◆ Data excerpt
____________________

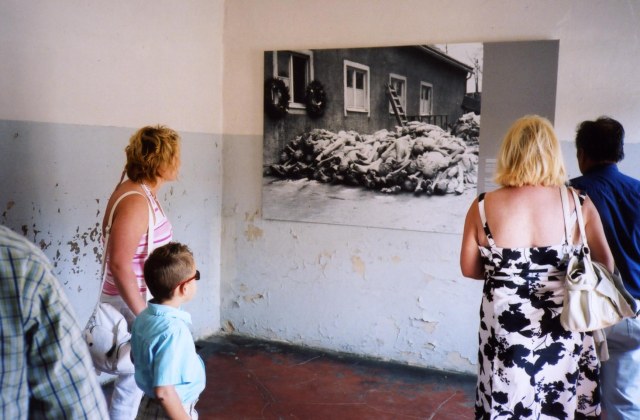 Crematorium ovens, a bouquet of flowers and a little girl, Buchenwald.
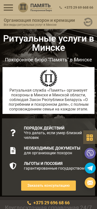 SEO-описаниеРитуальные услуги в Минске с полным сопровождением – организация похорон, кремация, оформление документов, помощь в получении пособия. Круглосуточно, честные цены.
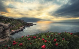 Цветы и море (56 фото) 1 . Море весной . 2 . Амальфи Италия закат . 3 . Кувшинка камни . 4 . Кантабрии побережье Испания .
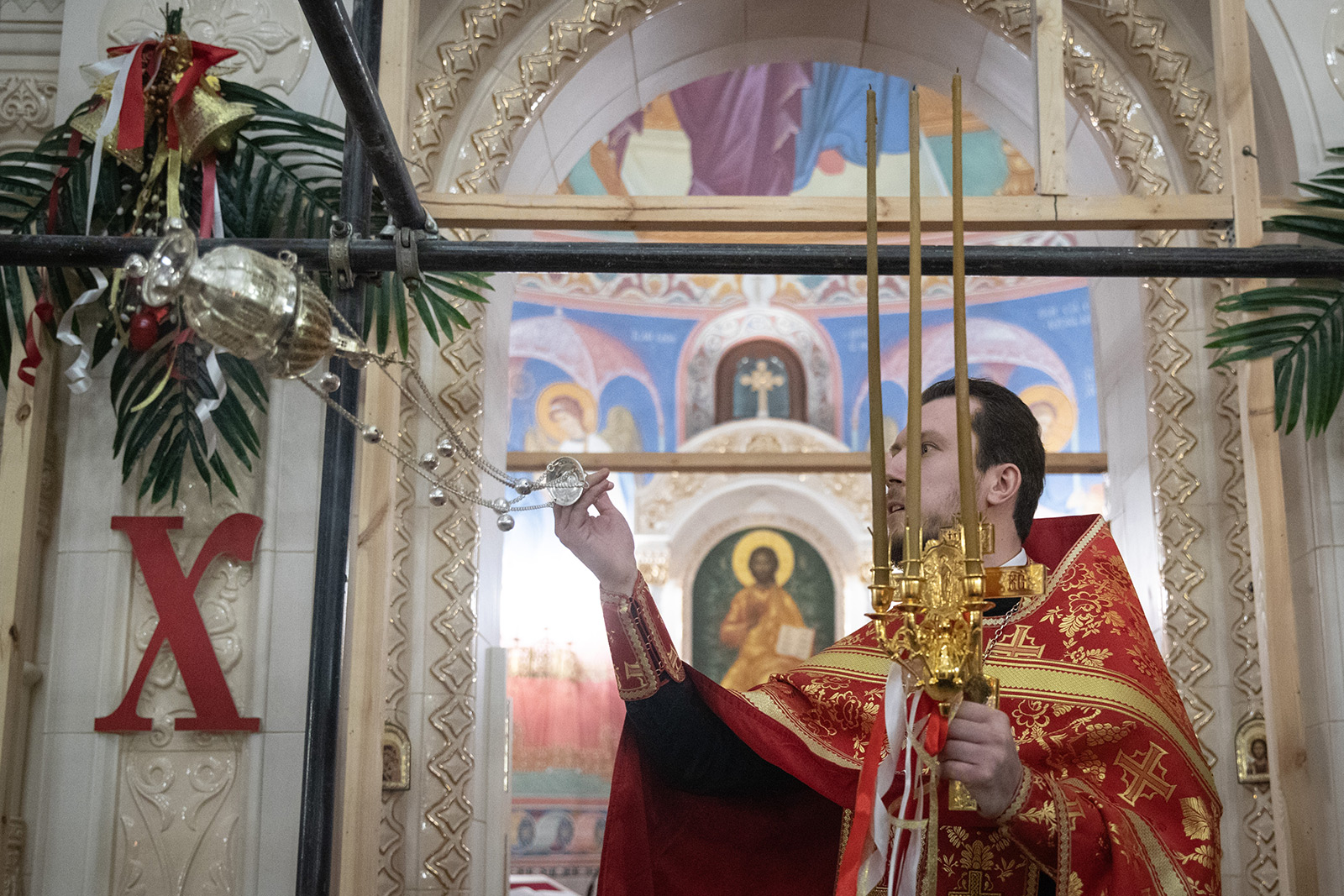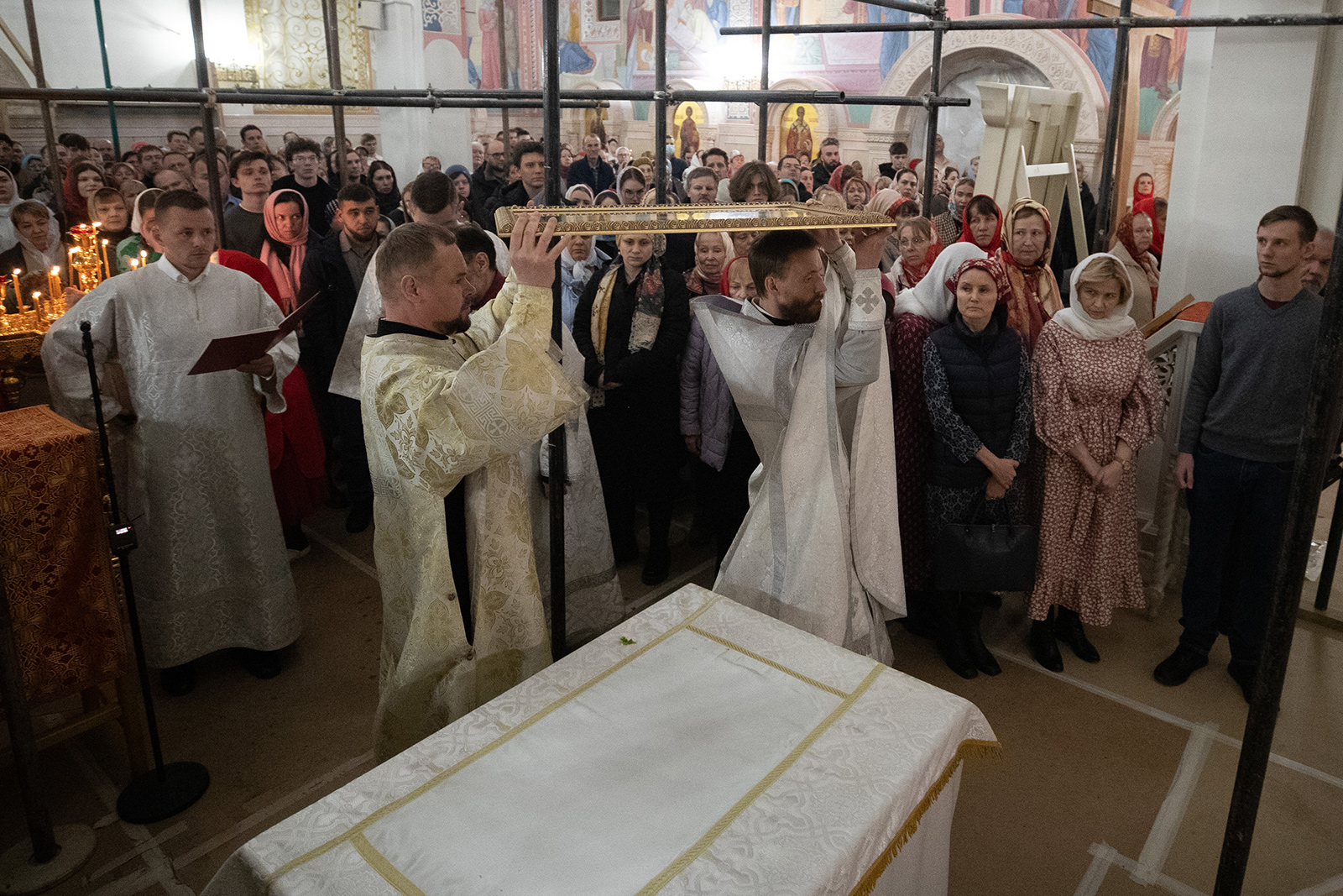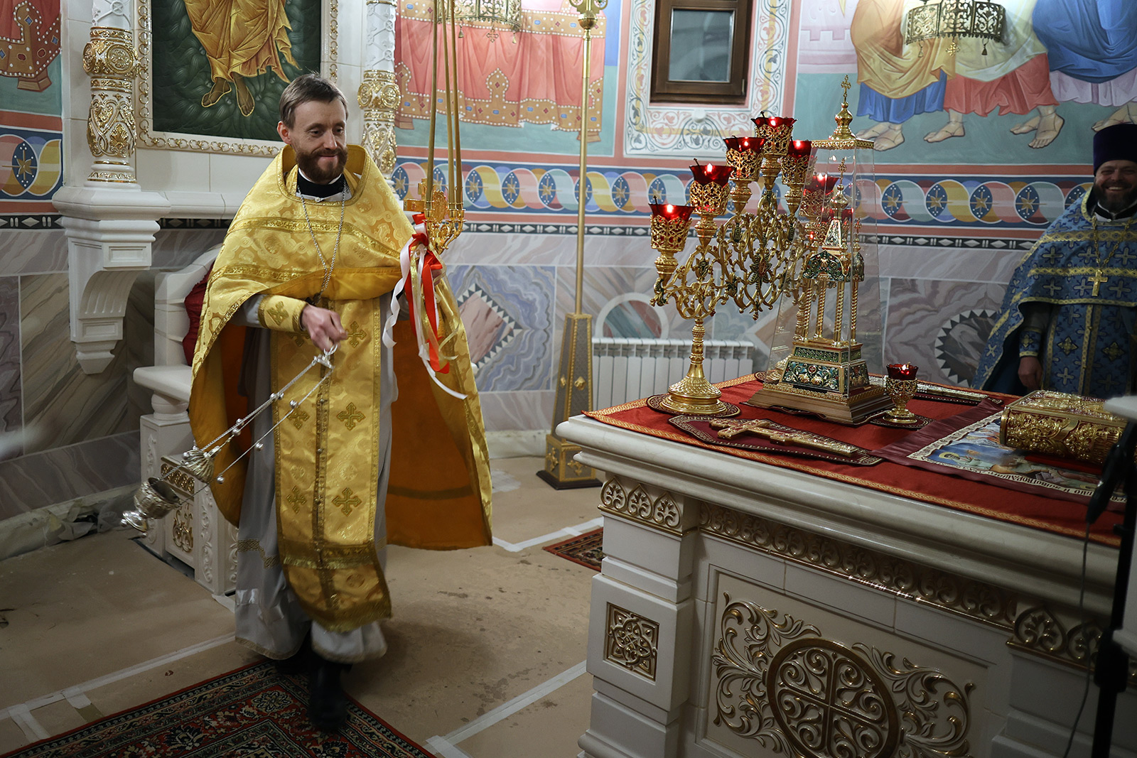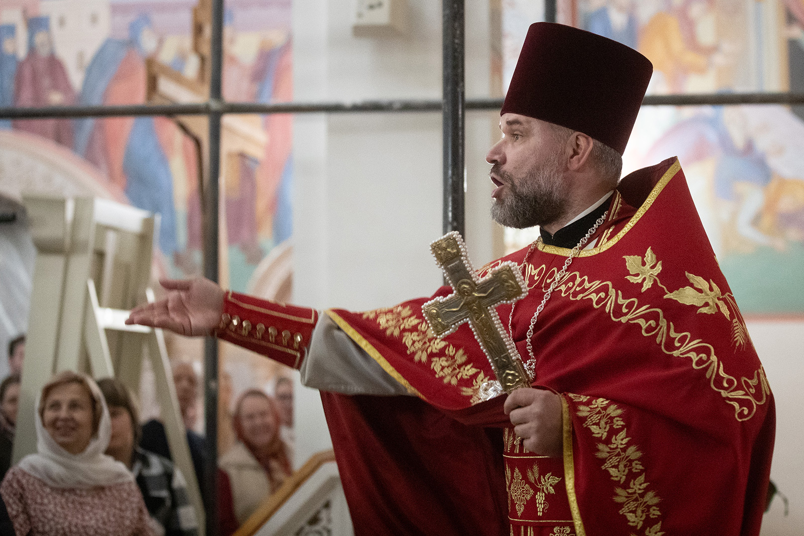 По завершении Литургии отец Димитрий освятил Артос – особый хлеб с изображением Креста или Воскресения Христова, который хранят в храме до следующей субботы, а потом раздают верующим.

____________________

◆ Requirement
From the first line to the last, retype the material exactly and exclude the pictures.

◆ Expected output
 Crematorium ovens, a bouquet of flowers and a little girl, Buchenwald.
 SEO-описаниеРитуальные услуги в Минске с полным сопровождением – организация похорон, кремация, оформление документов, помощь в получении пособия. Круглосуточно, честные цены.
 Цветы и море (56 фото) 1 . Море весной . 2 . Амальфи Италия закат . 3 . Кувшинка камни . 4 . Кантабрии побережье Испания .
 По завершении Литургии отец Димитрий освятил Артос – особый хлеб с изображением Креста или Воскресения Христова, который хранят в храме до следующей субботы, а потом раздают верующим.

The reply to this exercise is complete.